1. Peningkatan sekresi sebum
Acne biasanya mulai timbul pada masa pubertas pada waktu kelenjar
sebasea membesar dan mengeluarkan sebum lebih banyak dari sebelumnya.
Terdapat korelasi antara keparahan acne dengan produksi sebum.
Pertumbuhan kelenjar sebasea dan produksi sebum berada di bawah pengaruh
hormon androgen. Pada penderita acne terdapat peningkatan konversi hormon
androgen yang normal beredar dalam darah (testoteron) ke bentuk metabolit
yang lebih aktif (5>alfa dehidrotestoteron).
Hormon ini mengikat reseptor androgen di sitoplasma dan akhirnya
menyebabkan proliferasi sel penghasil sebum.

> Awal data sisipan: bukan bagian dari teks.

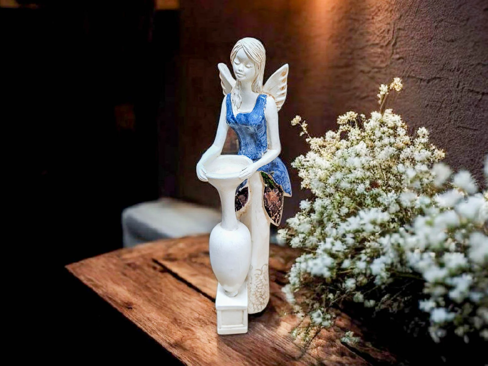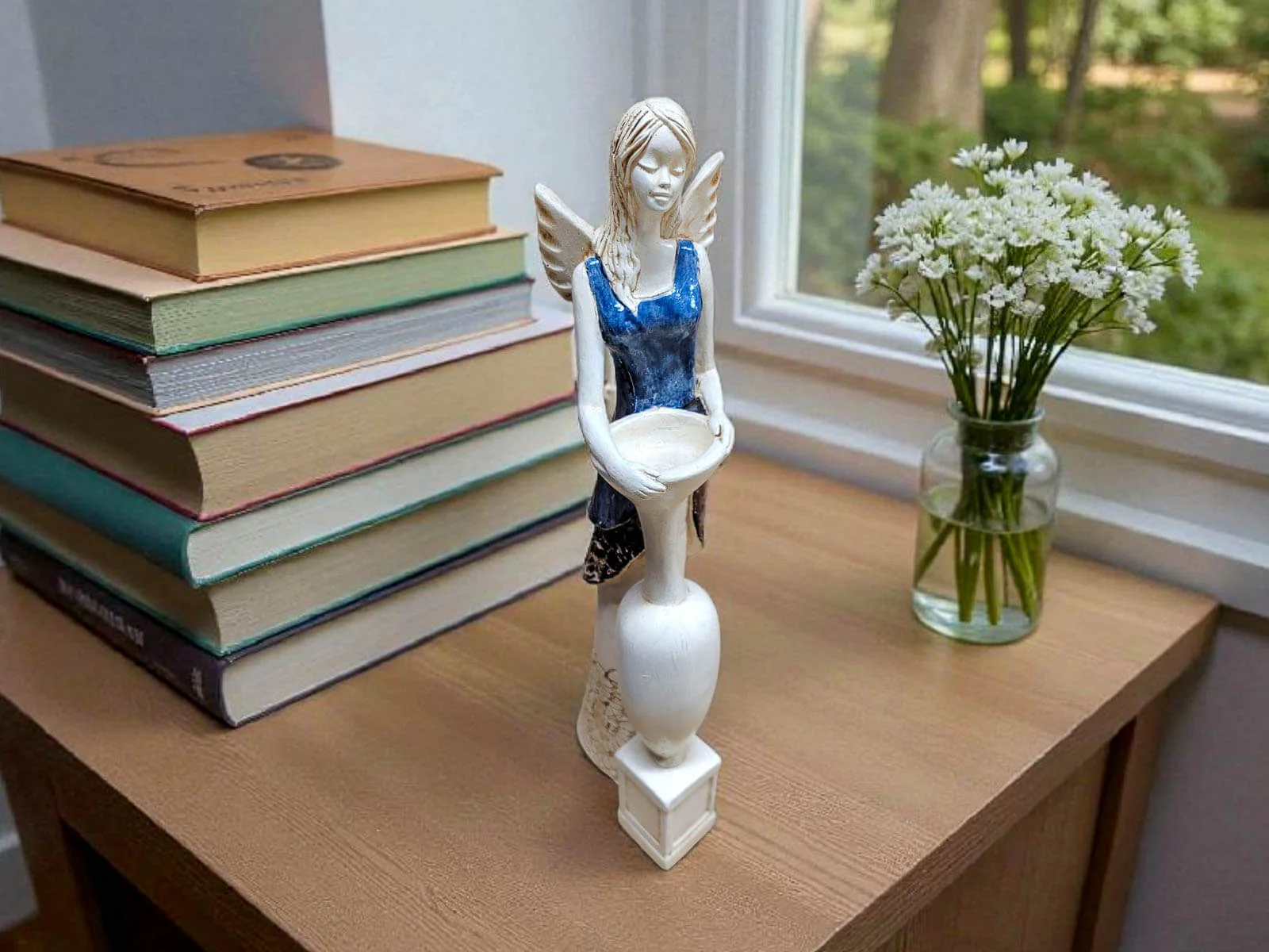 Suri jest garncarką, która swoimi zgrabnymi dłońmi tworzy naczynia. Daje jej to wiele radości, a przedmioty, które wyszły spod jej rąk są jedyne w swoim rodzaju. Jej niebieska suknia podkreśla delikatność, a włosy opadające na ramiona dodają jej kobiecości. Figurka może pięknie ozdabiać salon, tworząc niezwykłą atmosferę będą lampionem z palącym tea lightem.

Meningkatnya produksi sebum
pada penderita acne disebabkan oleh respon organ akhir yang berlebihan (end-
organ hyperresponse) pada kelenjar sebasea terhadap kadar normal androgen
dalam darah, sehingga terjadi peningkatan unsur komedogenik dan
inflamatogenik sebagai penyebab terjadinya acne. Terbukti bahwa pada
kebanyakan penderita, lesi acne hanya ditemukan di beberapa tempat yang
kaya akan kelenjar sebasea.

Gambar. 1. Patogenesis Akne: a) Hiperkeratosis primer b) Komedo c)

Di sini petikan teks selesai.